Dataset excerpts
---*---

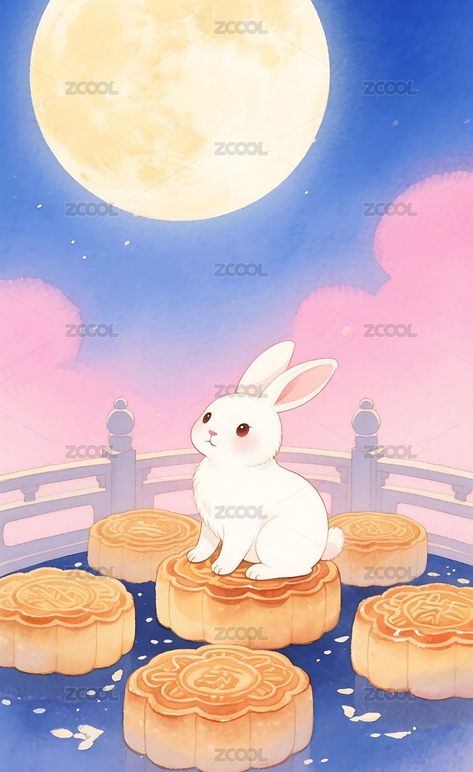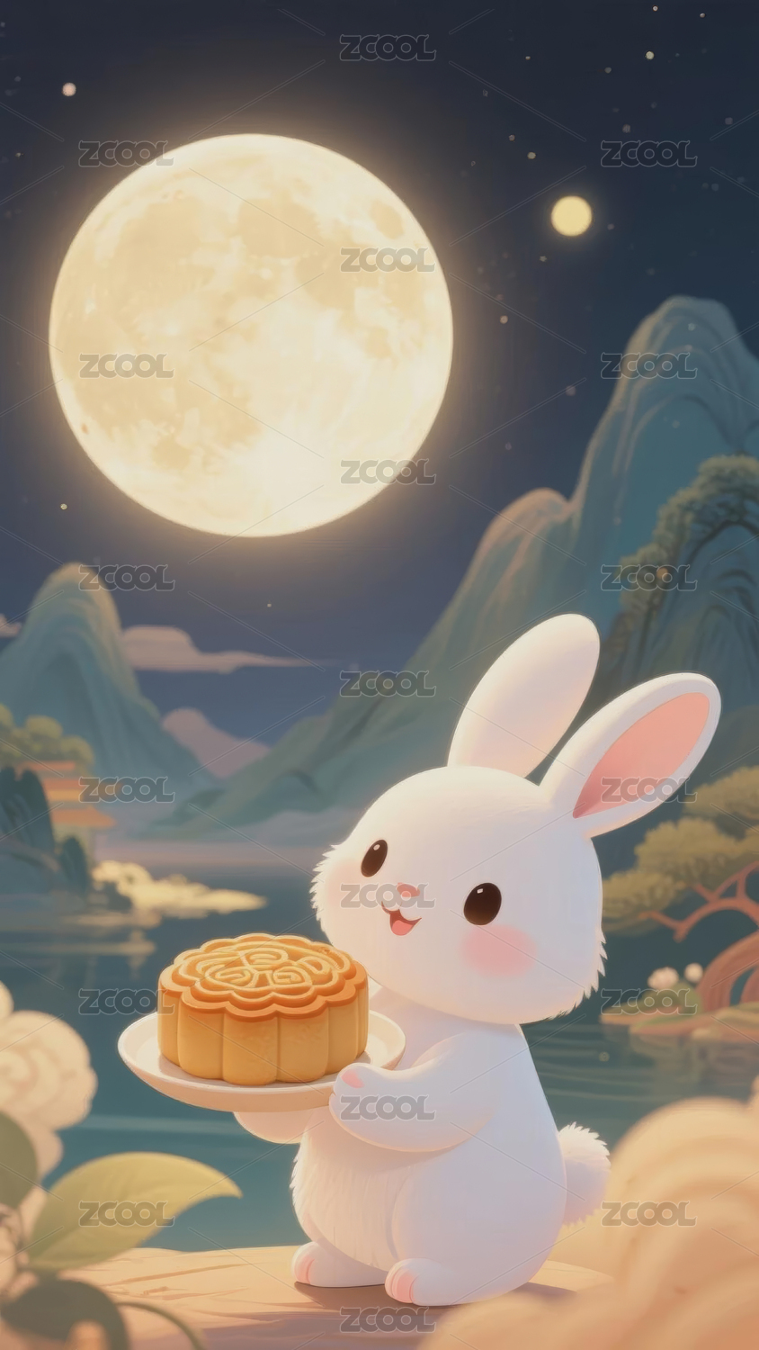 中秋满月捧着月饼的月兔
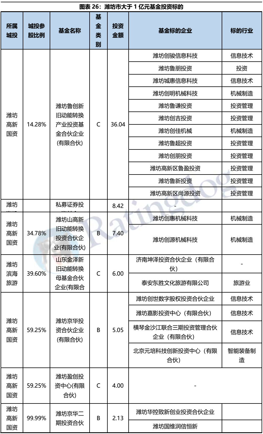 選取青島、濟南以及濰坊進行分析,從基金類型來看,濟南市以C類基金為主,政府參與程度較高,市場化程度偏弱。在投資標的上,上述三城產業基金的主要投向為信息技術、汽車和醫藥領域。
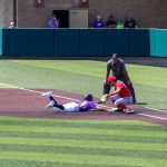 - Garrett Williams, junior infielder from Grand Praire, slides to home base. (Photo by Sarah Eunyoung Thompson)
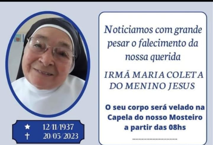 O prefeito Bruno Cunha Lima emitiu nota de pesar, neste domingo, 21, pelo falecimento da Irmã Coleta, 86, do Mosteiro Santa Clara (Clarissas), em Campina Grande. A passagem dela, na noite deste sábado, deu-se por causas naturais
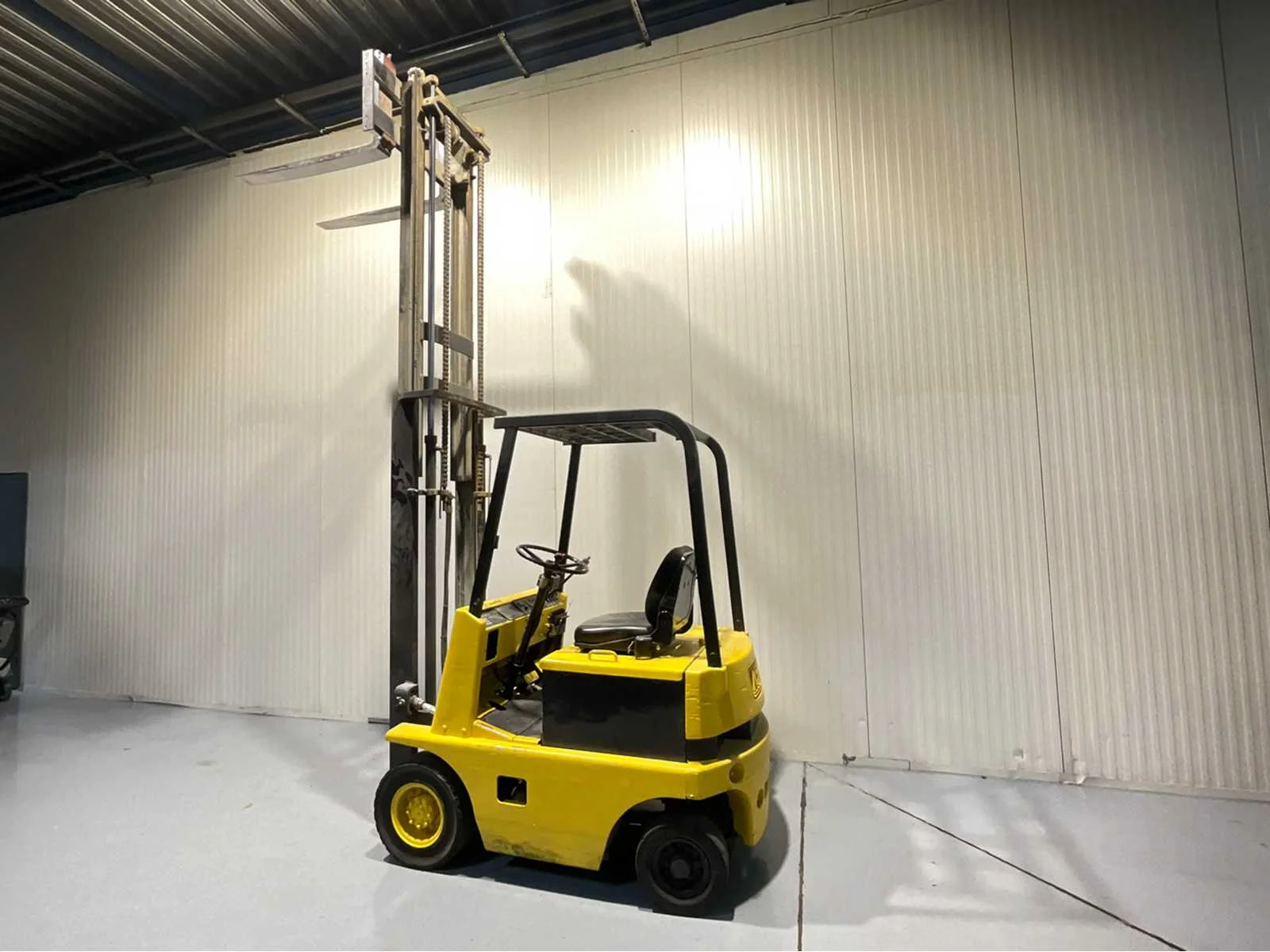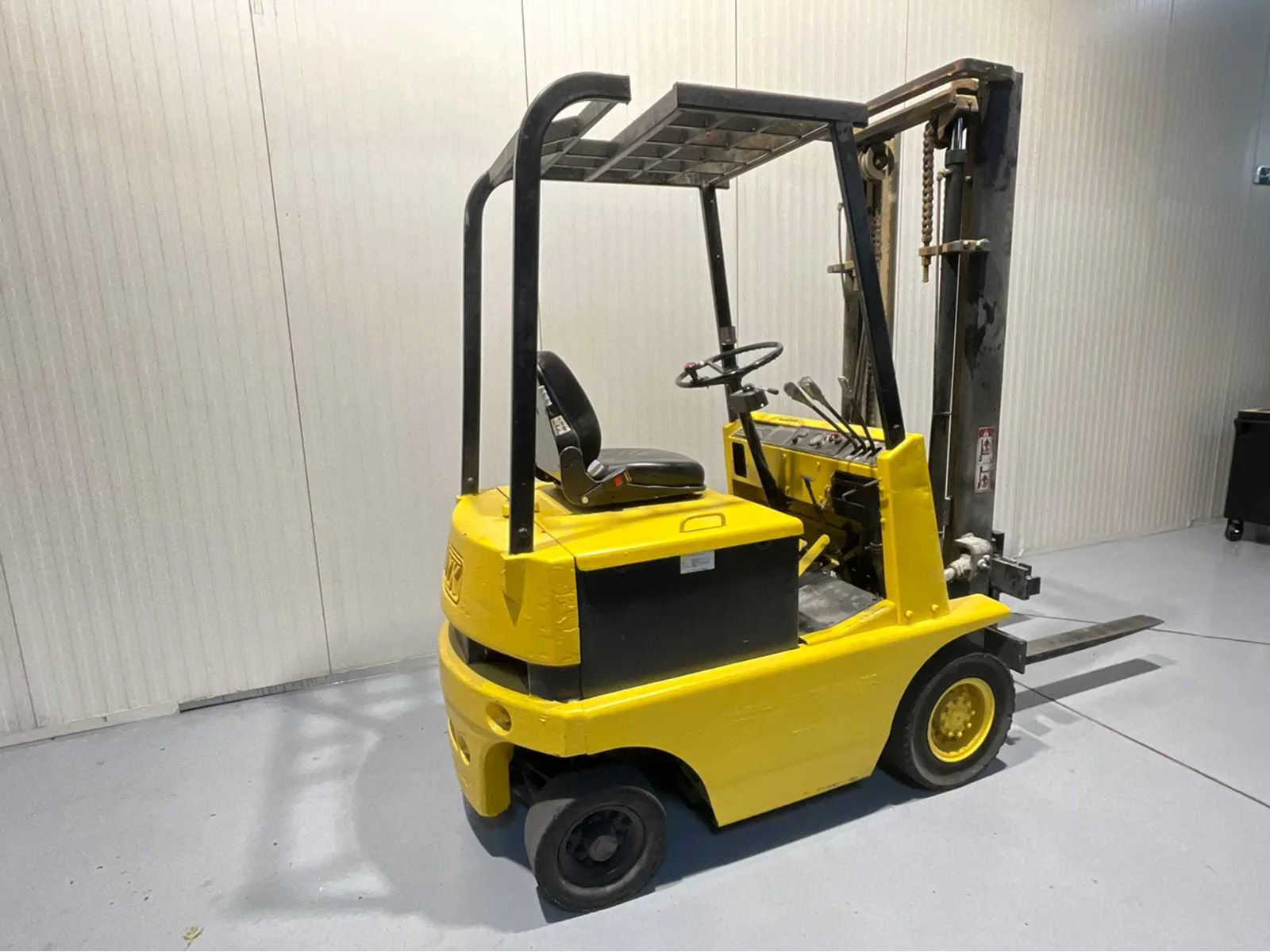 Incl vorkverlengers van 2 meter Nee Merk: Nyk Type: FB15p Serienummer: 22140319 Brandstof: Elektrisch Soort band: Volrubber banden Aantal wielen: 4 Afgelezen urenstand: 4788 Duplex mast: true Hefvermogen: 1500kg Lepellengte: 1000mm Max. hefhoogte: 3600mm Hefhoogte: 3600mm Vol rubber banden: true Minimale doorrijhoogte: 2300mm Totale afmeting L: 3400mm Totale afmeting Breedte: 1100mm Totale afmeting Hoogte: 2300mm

---*---

All entries must be output exactly as they stand, and every picture must be left out.

 中秋满月捧着月饼的月兔
 選取青島、濟南以及濰坊進行分析,從基金類型來看,濟南市以C類基金為主,政府參與程度較高,市場化程度偏弱。在投資標的上,上述三城產業基金的主要投向為信息技術、汽車和醫藥領域。
 - Garrett Williams, junior infielder from Grand Praire, slides to home base. (Photo by Sarah Eunyoung Thompson)
 O prefeito Bruno Cunha Lima emitiu nota de pesar, neste domingo, 21, pelo falecimento da Irmã Coleta, 86, do Mosteiro Santa Clara (Clarissas), em Campina Grande. A passagem dela, na noite deste sábado, deu-se por causas naturais
 Incl vorkverlengers van 2 meter Nee Merk: Nyk Type: FB15p Serienummer: 22140319 Brandstof: Elektrisch Soort band: Volrubber banden Aantal wielen: 4 Afgelezen urenstand: 4788 Duplex mast: true Hefvermogen: 1500kg Lepellengte: 1000mm Max. hefhoogte: 3600mm Hefhoogte: 3600mm Vol rubber banden: true Minimale doorrijhoogte: 2300mm Totale afmeting L: 3400mm Totale afmeting Breedte: 1100mm Totale afmeting Hoogte: 2300mm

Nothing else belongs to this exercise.